Announcer: Examining the latest research and telling you about the latest breakthroughs. The Science and Research Show is on The Scope.
Interviewer: I'm talking with Dr. Bryan Jones, an investigator at the Moran Eye Center at the University of Utah. Now anyone who sees you knows that you carry a camera around with you wherever you go.
Dr. Jones: I do.
Interviewer: And I suspect your love for photography might have come before you delved into science.
Dr. Jones: It did, yeah.
Interviewer: I'm wondering if that passion for photography and how maybe we see the world or how the camera sees the world sort of influenced what type of research you're doing now?
Dr. Jones: I came to photography initially in college. My first major was film studies. And I spent a lot of time with a Leica M6 camera and a Canon 1D camera that my parents had. And I fell in love with photography. I've had the privilege of knowing a couple of friends who have retinitis pigmentosa. One of my friends is an army veteran, and I've watched him go blind.
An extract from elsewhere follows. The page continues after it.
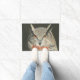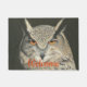 Um lápis colorido e desenho de tinta de uma Coruja Excelente Coroa Coroa Coroa com olhos laranja perfurantes adornam este tapete da porta. Personalize adicionando ou alterando o texto para se adequar a si próprio.
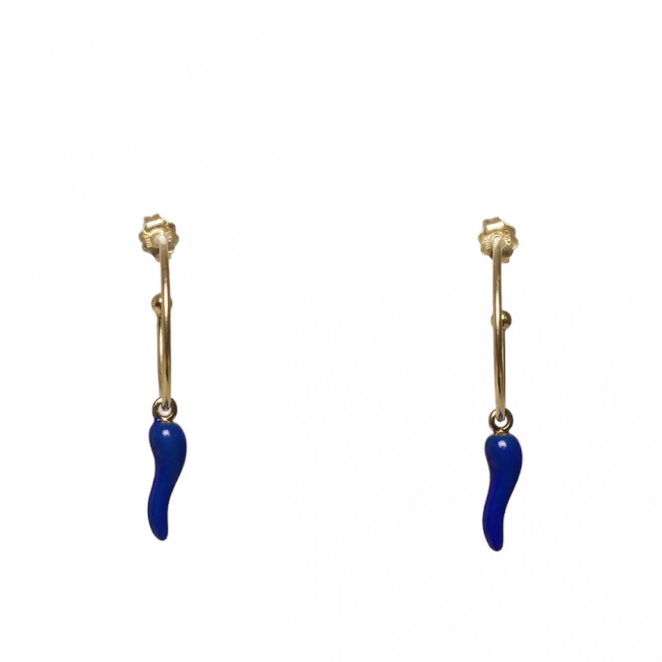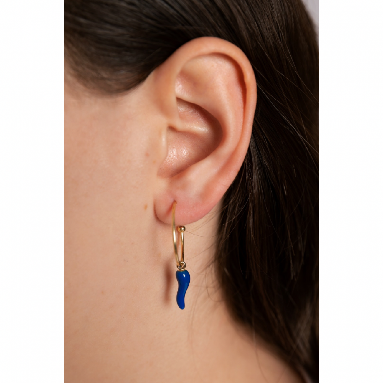 Orecchini a cerchietto aperto in argento dorato con pendente a forma di corno smaltato

So for me, the ability to do photography and to share what I see is a constant reminder of why the work we do is so important.
Interviewer: And what are you looking at these days? What's driving your research?
Dr. Jones: So our lab has two main focus areas. The first is understanding how the retina is wired. So the retina is this piece of gauzy tissue at the back of your eye that is an extension of the brain. And this brain tissue at the back of the eye is sort of a layer cake-like structure with 7,200 neurons or more in our human eyes. And it captures light, photons of light and then computes all the parameters required for vision. Captures contrast and luminance and edges and movement. And calculates all these parameters and sends that information on to others and brain and cortex and sub-cortex for higher processing.
People have been studying the retina for about 150 years, and we still don't know precisely how all those 7,200 or more neurons are wired. And that's the first mission of our lab is to try and pull apart that wiring and identify all the neurons and figure out how they are precisely wired together. That's a field called connectomics.
The second main mission of our lab is to understand how that structure and how the neuron identity and how the wiring is altered in diseases like retinitis pigmentosa and age-related macular degeneration that steal vision from us.
Interviewer: So you're looking at circuitry itself?
Dr. Jones: Yes, ma'am.
Interviewer: And how are you doing that?
Dr. Jones: So there are two new approaches that have been pioneered. The first one that was pioneered by Dr. Robert Mark here at the University of Utah called computation molecular phenotyping. We basically use antibodies to serially label tissues and pull out smaller molecule fingerprints that uniquely identify populations of neurons. And then we insert those data into electron microscopy datasets.
So we basically take the retina and section it very thin. Each section is thinner than the wavelength of light. There are about 90 nanometers. And then we section in the case of the mouse retina that we recently finished, about 1,490 nanometer sections, and then we reconstructed those 1,400 sections into a digital layer cake and create a volume and then we go in by hand and trace neurons all the way through the dataset along with all their connections, their synapses and their gap junctions.
Interviewer: So the hope is to create like a three dimensional representation?
Dr. Jones: Yeah. A three dimensional representation that we then extract out circuit topologies. So it turns out the circuit topologies are far more complex than we thought they were. And so we're now having to develop new software that can allow us to visualize how complex some of these topologies are. The circuit topologies are things that give us excitation and inhibition and ultimately end up tuning response profiles in retina.
Interviewer: You know, if you think about circuitry in how most of us think about circuitry, I mean, if you look at the circuitry like in a computer or in the electronic system of a car, I mean, it doesn't exactly tell you how it works. Or does it?
Dr. Jones: So there was a pretty famous paper that came out a few months ago where they took a standard computer integrated circuit chip and they took it apart digitally and they tried to predict how it would work. And it turns out they didn't have a whole lot of information. It didn't function the way it should have functioned. Or at least their models, their predictive models that they thought how it would behave, it didn't actually behave the way the chip actually did.
So while the circuitry is what we're after and the circuitry in any neural system is sort of the substrate that gives us a basic performance profile and ultimately makes us who we are, there is still a lot we don't know. And so for us the connectomics framework, the circuitry framework we're trying to obtain is only the basic starting point.
It is a framework and on that framework we have to hang physiology, we have to hang physics and we have to put molecular biology and we have to put genetics into it. And so for us it's only the very beginning of understanding how neural systems are wired. Even though the science community has been studying the retina for 150 years. In a lot of ways, we are still right at the very beginning.
Interviewer: So it's kind of new frontier. Something that hasn't really been done this way before.
Dr. Jones: Yeah, exactly.
Announcer: Interesting, informative and all in the name of better health. This is The Scope Health Sciences Radio.